The team at Digital Foundry recently put the new PlayStation 5 Pro through its paces, checking out how much power it uses, and stumbled upon some unexpected findings. In a YouTube discussion, Richard Leadbetter, John Linneman, and Oliver Mackenzie revealed that the PS5 Pro doesn’t draw significantly more power than the original PS5, even though its GPU is much more powerful.
Their testing was conducted using popular titles like Elden Ring, Spider-Man 2, and F1 24. They compared the performance of the PS5 Pro with the original launch PS5, the refreshed PS5 Slim, and the enhanced Pro version, with each game running the Pro’s exclusive graphics mode.
In Elden Ring, they noticed that the PS5 Pro had a power consumption almost identical to the PS5 Slim. For instance, at one point, the Pro model was drawing 214.1 watts, the Slim 216.2 watts, and the original PS5 201.3 watts. Interestingly, the PS5 Pro managed to maintain a higher frame rate, hitting 52 FPS compared to the Slim’s 40 FPS and the original’s 37 FPS. It’s worth noting that both the Slim and the launch models perform equally, with the frame rate differences mostly being situational.
Spider-Man 2 painted a different picture since the game was capped at 60 FPS across all three consoles. Here, the PS5 Pro consumed a bit more power, registering 232 watts against the Slim’s 218.2 watts and the original’s 208.1 watts. This meant the Pro drew 6% more power than the Slim and 11% more than the original. While they didn’t do direct comparisons for F1 24, the Pro was seen drawing around 235 watts during gameplay, maintaining a steady 60 FPS.
It’s essential to remember that silicon quality can affect power consumption. Variations in how the chips are made mean that some consoles run their CPUs at the advertised speeds using less voltage. This explains why the PS5 Slim sometimes lags behind the original model.
Digital Foundry’s evaluation of the PS5 Pro affirmed that its power draw is similar to that of the base models, even with its advanced GPU, which was surprising.

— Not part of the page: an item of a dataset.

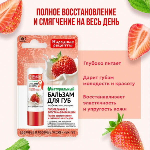 Бальзам для губ «Клубника со сливками» серии "Народные рецепты", 4.5гр информация:
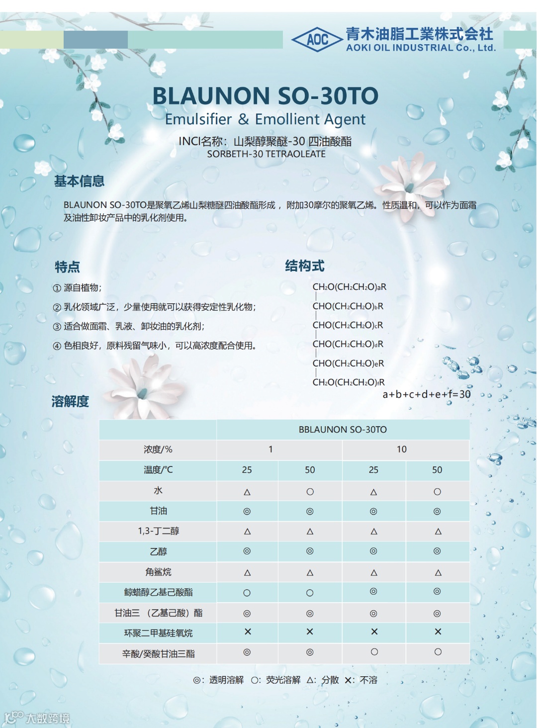 产品特点:兼容性优异的自乳化剂,洗净能力高,残留感低,肤感轻薄。不仅适用于全油膏卸妆体系,也适用于卸妆水体系辅助溶妆。

They had anticipated the console might need more than 300 watts.
Nestled inside the PS5 Pro is an 8-core Zen 2 CPU, coupled with a robust 16.7 TFLOP RDNA-based GPU, and 576 GB/s memory bandwidth. The standard PS5 models have the same CPU, albeit with potentially different clock speeds, but come with a less formidable 10.28 TFLOP RDNA GPU and 448 GB/s of memory bandwidth.